For a) by their subservient and fearful fellow soldiers; for c) by anyone with a grudge including ISIS.
To switch sides would take a large number of them who can confidently discuss things free of threat from those who are strongly committed to Assad and there would be a great many who feel their somewhat comfortable existence is too much to risk with joining a revolt.
And IS isn't the only alternative. When the civil war started IS wasn't involved and the Sunni Islamists were on the fringes of things. IS may have become one of the better funded 'rebel' groups but they are far from the only ones.
There is no alternative to ISIS. The remaining groups are just as bad. What was the US funded 'Free Syrian Army' does not really exist anymore, as their members have either been wiped out, sold their weapons to ISIS and run, or reportedly most have joined ISIS. Maybe ISIS disn't exist when the US/Saudi funded insurgency started, but they do now and the original situation is gone forever. There are few so-called moderate rebels left; the most recently US trained ones were ambushed almost as soon as they set foot in Syria. The other ones, like the 'moderate' heart-eating Jabhat Al-Nusra Front are just as evil, although some US neo-cons and the Israelis were recently trying to make us believe that they are 'moderate' so as to be seen as still supporting an opposition to Assad for his overthrow. Israel is providing support to them, because the primary object is to overthrow Assad, and accept a territory next door where chaos reigns at the hand of terrorists.

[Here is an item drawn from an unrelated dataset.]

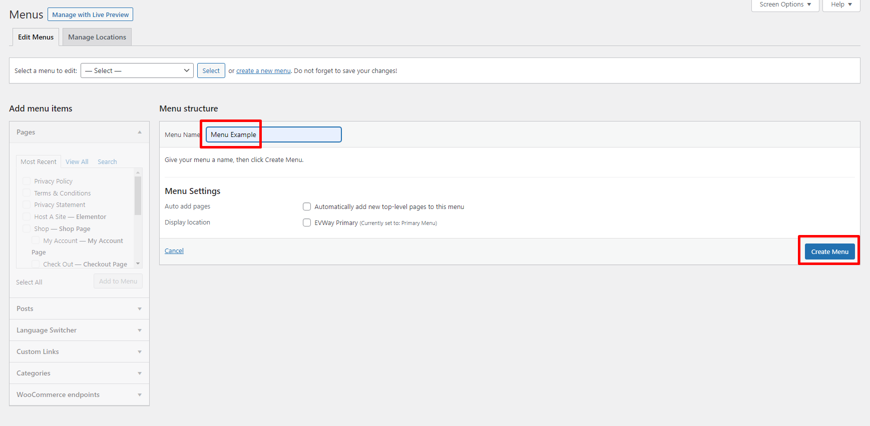 3\. Enter a name for your new menu in the **Menu Name** box.

The ones committed to Assad are members of his own group, the Alawites, who represent the majority of the officer corps, but only 14% of the population. However, the officer corps has a lot of Christians and Sunnis also, and 76% of the army is still Sunni, and it's very easy to drive your tank and your 2 other 'Sunni' crewmen (in a T-72) away towards enemy lines; the army is intermixed, and the sunnis are the majority in most units. You have no idea of the existential threat ISIS poses to secular Syria. The fact that nobody in the army wants to defect to ISIS is because of the consequences, and that ISIS is now squeezing Assad's Syria into a quarter of what it used to be, means that there is nowhere to go except fighting for your homeland or flee to refugee camps in neighbouring countries or Europe.
Politically, the 'Moderate Syrian Opposition" and Syrian government in exile was a greater joke. It was composed of US paid-off exiled Syrians, some of whom had been away living in the US for at least a couple of decades, and some of whom who were, curiously enough, living very near Langley VA (CIA HQ) or within spitting distance of Capitol Hill. Their coalition of dissidents was never able to achieve a consensus, and all cohesiveness fell apart in 2012.
There was a local Syrian Sunni opposition, and they had been working with Assad for better representation, but they got eclipsed by the US funded exiles, and then the civil war funded by the Saudi Arabia, Qatar and the US.
An example of how little support the US funded Moderate Syrian Opposition had amongst Syrians, is when one of their representatives came to Ottawa to explain their position and try to whip up support. The meeting (I think it was in a Carleton University building) had barely started and there were maybe a couple of dozen people in attendance, when a group of middle-aged or older ladies with handbags started shouting 'Get him! the Judas! Kill him!' and this gaggle of old ladies chased him out of the building and onto the parking lot. There was also a pro-Assad march in Ottawa last year, from Elgin Ave to Sussex Drive in front of the US Embassy with about 200 Sysrians and Lebanese marching. A large portrait of Assad was carried foremost, and pro-Assad chants were quite evident. I had a dentist recently who is Syrian, tell me how wrong it was for Assad to be vilified; Assad is the only one who can get the various groups to live together in Syria, and who can guarantee religious rights to minorities, including the 10% Christina population and the Shiites. The Free Syrian Army had already been desecrating and looting churches and convents and monasteries, and they were US and Saudi funded. Imagine what ISIS is doing. Christian Syrians are openly fearing that their fate will be a repetition of the mass exile and elimination of Iraqi Christians from Iraq since 2003. There are only 10% left out of total Christian population of over 1.5 million.